Thierse: Wir sind ja in Zeiten, wo wir einerseits uns erinnern, dass vor 50 Jahren das II. Vatikanische Konzil begonnen hat und wir sind in der Dekade zur Vorbereitung des 500-jährigen Jubiläums der Reformation. Wann, wenn nicht jetzt angesichts der beiden Jubiläen gäbe es Anlass, neue Schritte zu wagen? Sonst bleiben diese Jubiläen unproduktiv, rückwärtsgewandt, folgenlos. Sie vertiefen dann sogar eher die Spaltung, als dass sie zur Überwindung beitragen.



domradio.de: Zu den Unterzeichnern gehören z.B. Altbundespräsident Richard von Weizsäcker, Fernsehmoderator Günter Jauch und der Präsident des Olympischen Sportbundes Thomas Bach. Wie kommen diese Personen aus ganz unterschiedlichen Bereichen eigentlich zusammen, um zu diesem Thema einen öffentlichen Aufruf zu starten?

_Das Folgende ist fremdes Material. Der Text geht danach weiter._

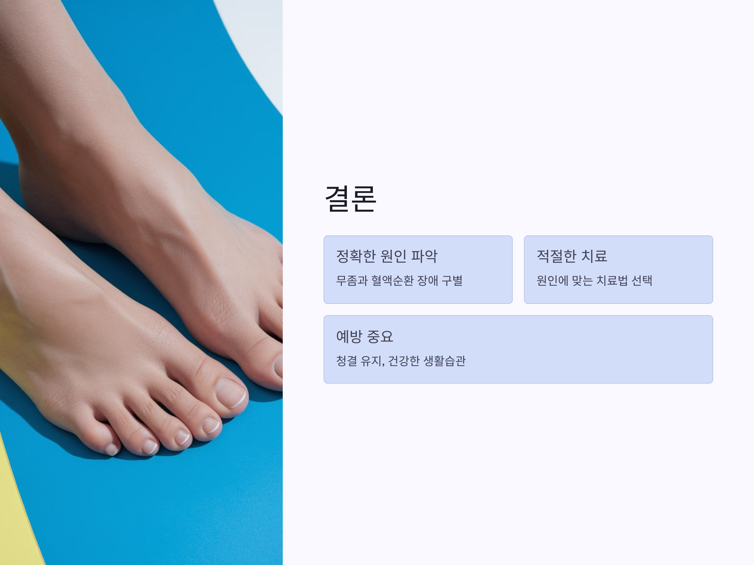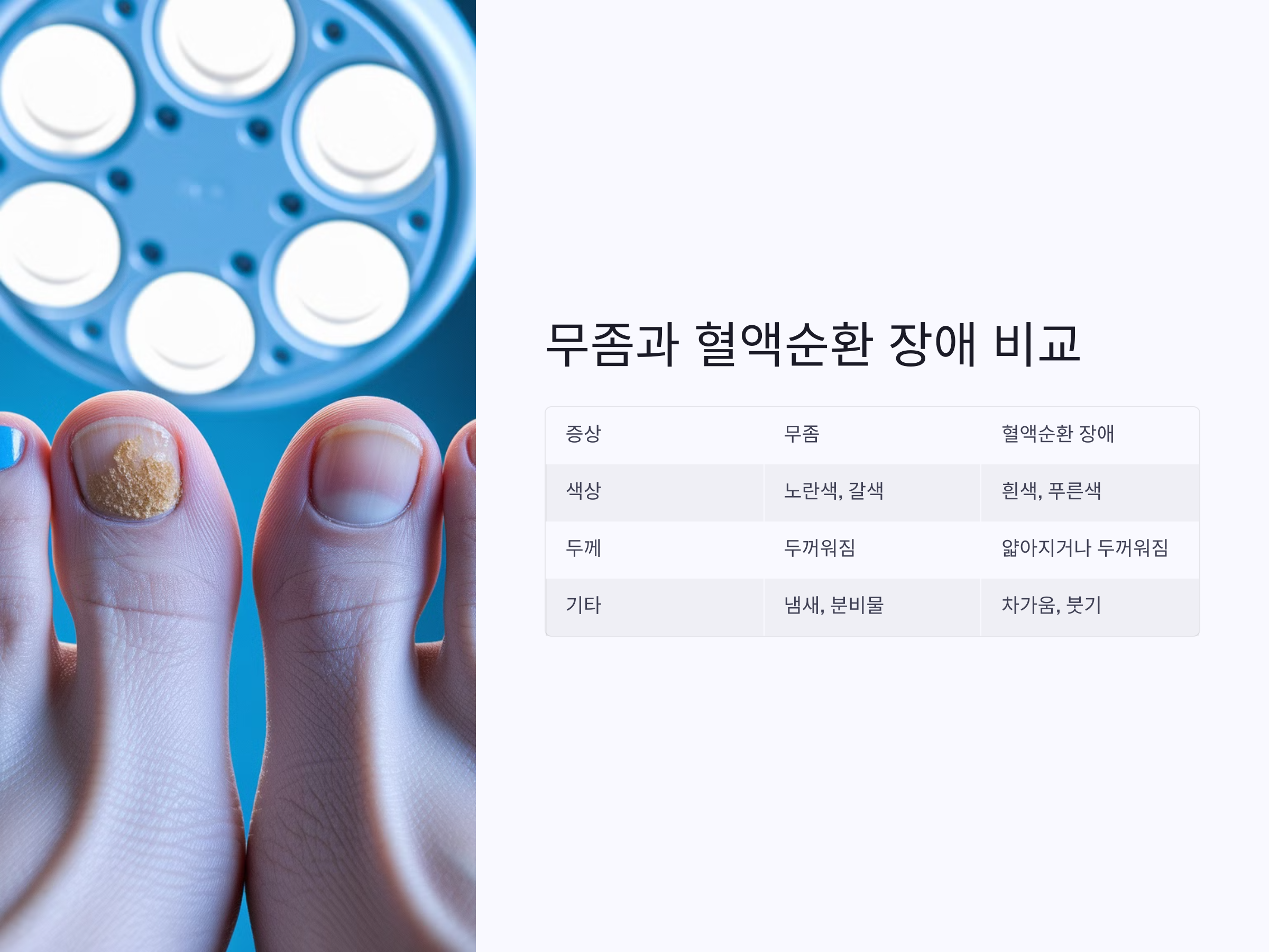 무좀과 혈액순환 장애는 발톱에 나타나는 변화가 비슷하지만, 원인과 증상은 다릅니다. 무좀은 진균 감염으로 인한 발톱의 변화이며, 혈액순환 장애는 혈액 공급 부족으로 인해 발톱에 변화가 생깁니다. 각각의 원인에 맞는 치료가 필요하며, 발톱의 이상이 지속된다면 전문의의 상담을 받는 것이 좋습니다.
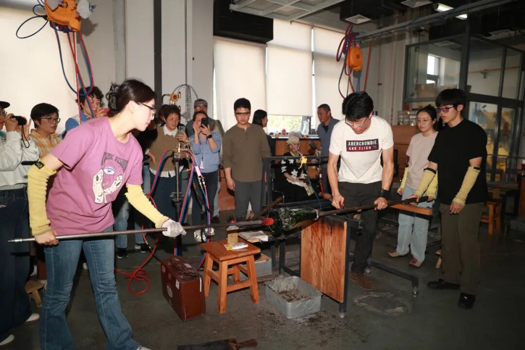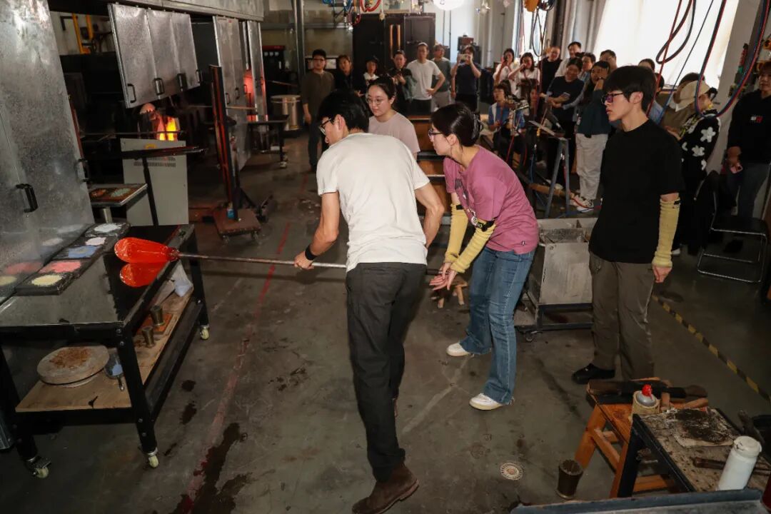 2024年10月15日中午,在清华大学美术学院分工会的精心筹备下,一场别开生面,题为“火之韵:探索吹制玻璃的艺术之美”的实践沙龙活动举办。在工艺美术系副主任李静老师及其团队的示范下, 大家近距离目睹了一件吹制玻璃作品从构思到成形的全过程,深刻体会到了玻璃艺术的魅力。
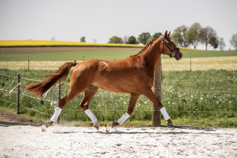 Zum Verkauf steht ein vielversprechender Deutscher Sportwallach, geboren im Jahr 2019. Der elegante Fuchs überzeugt durch sein beeindruckendes Stockmaß von 172 cm und seinen liebevollen Charakter. Er ist bestens für den Dressursport geeignet und zeigt bereits vielversprechende Ansätze in der Ausbildung. Mit seinem freundlichen Wesen und seiner zuverlässigen Art ist er ein idealer Partner für ambitionierte und erfahrene Reiter, die Wert auf ein gutes und stabiles Dressurpferd legen. Dieser talentierte Sportler verbindet Leistungsbereitschaft mit einem angenehmen Charakter und freut sich auf eine neue sportliche Herausforderung. Trotz seines lieben Wesens ist er kein Anfänger oder Kinderpferd.
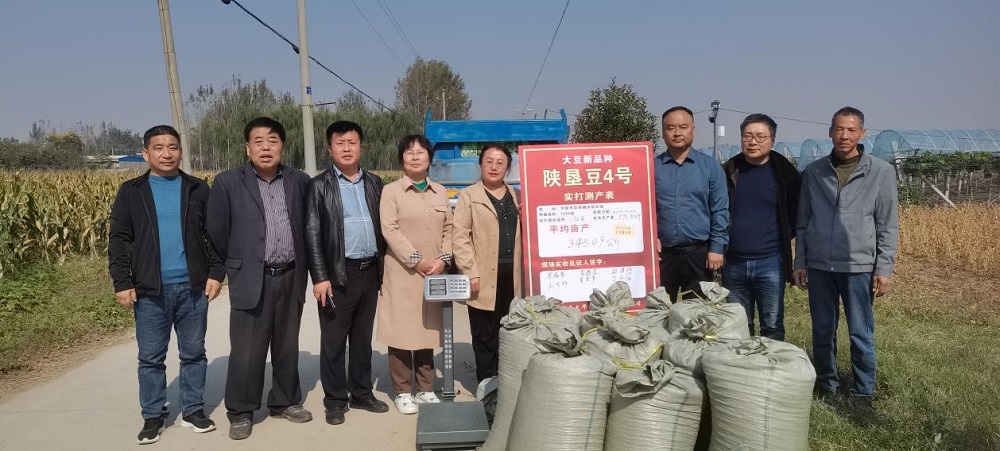 專(zhuān)家組嚴格按照《全國油料高產(chǎn)創(chuàng )建測產(chǎn)驗收辦法(試行)》中的“大豆測產(chǎn)辦法”,隨機選點(diǎn)進(jìn)行實(shí)測,扣除雜質(zhì),折合標準水分,“陜墾豆4號”最終實(shí)收畝產(chǎn)達到343.49公斤,刷新陜西省夏播大豆單產(chǎn)新紀錄。
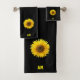 Beautiful sunflower and monogram on black Bath Towel Set. Elegant simple design for singles and couples!
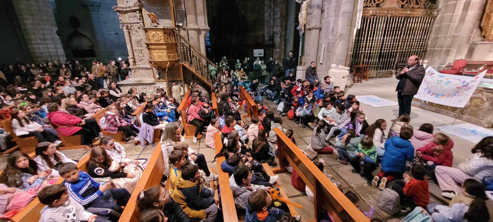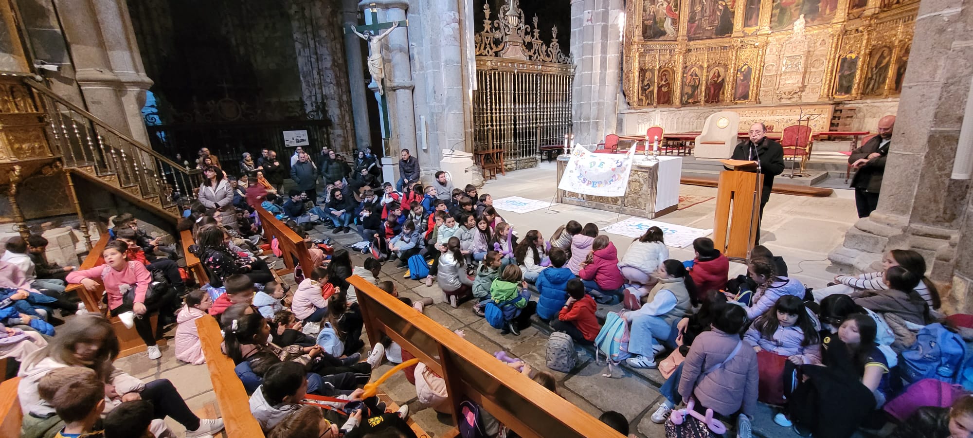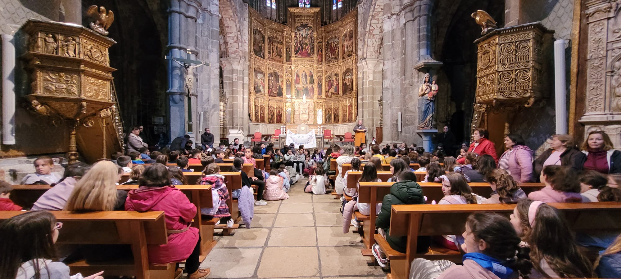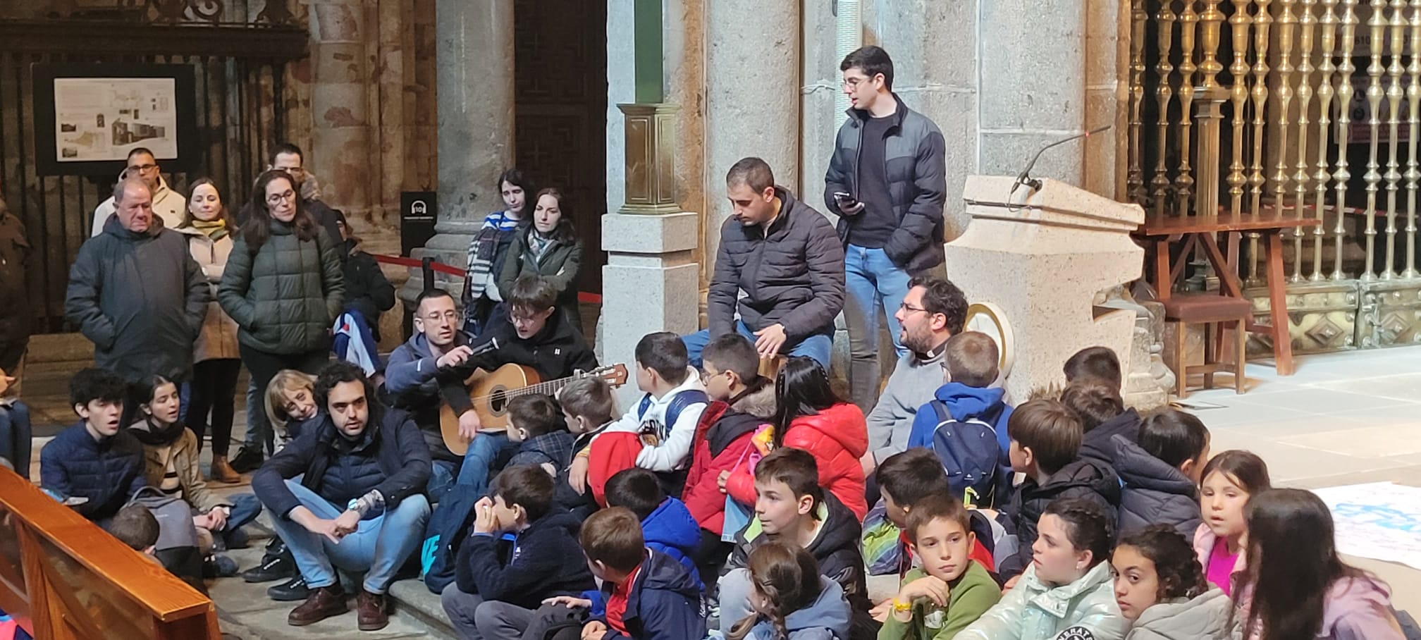 Al llegar a la Catedral, les esperaba nuestro obispo Don Jesús, quien les invitó a pasar al interior del templo para así poder ganar el Jubileo. Casi no cabían en la nave central, por lo que muchos de ellos no dudaron en echarse al suelo para poder seguir las explicaciones de D. Raúl, el responsable de la Pastoral Vocacional en la diócesis, quien les contó, como si de una catequesis plástica se tratara, todos los entresijos del retablo del altar mayor.
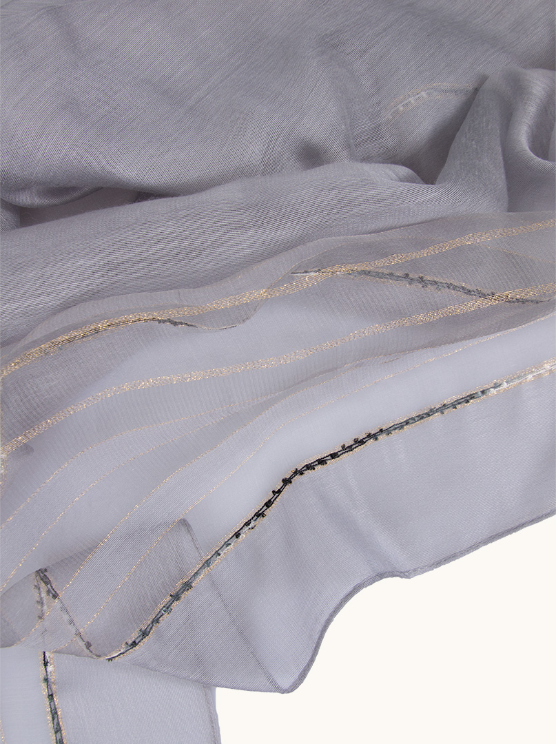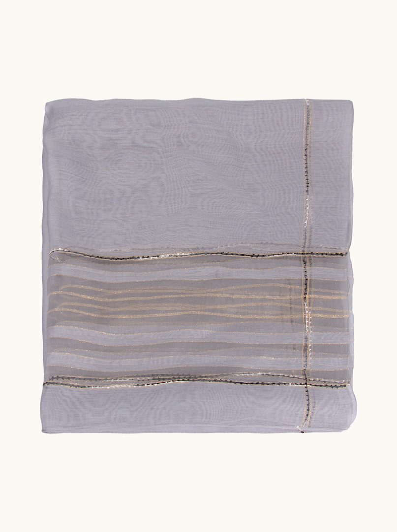 Grey striped evening shawl with gold thread 80 cm x 190 cm

Thierse: Wir haben auf Anregung von Bundestagspräsident Norbert Lammert einen solchen Text entworfen und haben dann ganz unterschiedliche Personen eingeladen, von denen wir wissen, dass sie überzeugte Christen sind und aktive Glieder ihrer Kirche. Wir wollten ausdrücklich nicht Amtsträger haben, nicht weil wir da in Feindschaft sind, sondern dies ist ein Aufruf der Laien, derer, die sich als bewusste und aktive Glieder ihrer Kirche verstehen, die aber doch unzufrieden sind mit dem, was gewissermaßen unter Theologen bisher erreicht worden ist. Obwohl es da wirklich Fortschritte gibt oder was in den ökumenischen Gesprächen der Amtskirchen erreicht wird. Deswegen sagen wir, es muss neue Bewegung von unten kommen, sonst verwalten wir die Differenzen und versuchen sie nicht zu überwinden.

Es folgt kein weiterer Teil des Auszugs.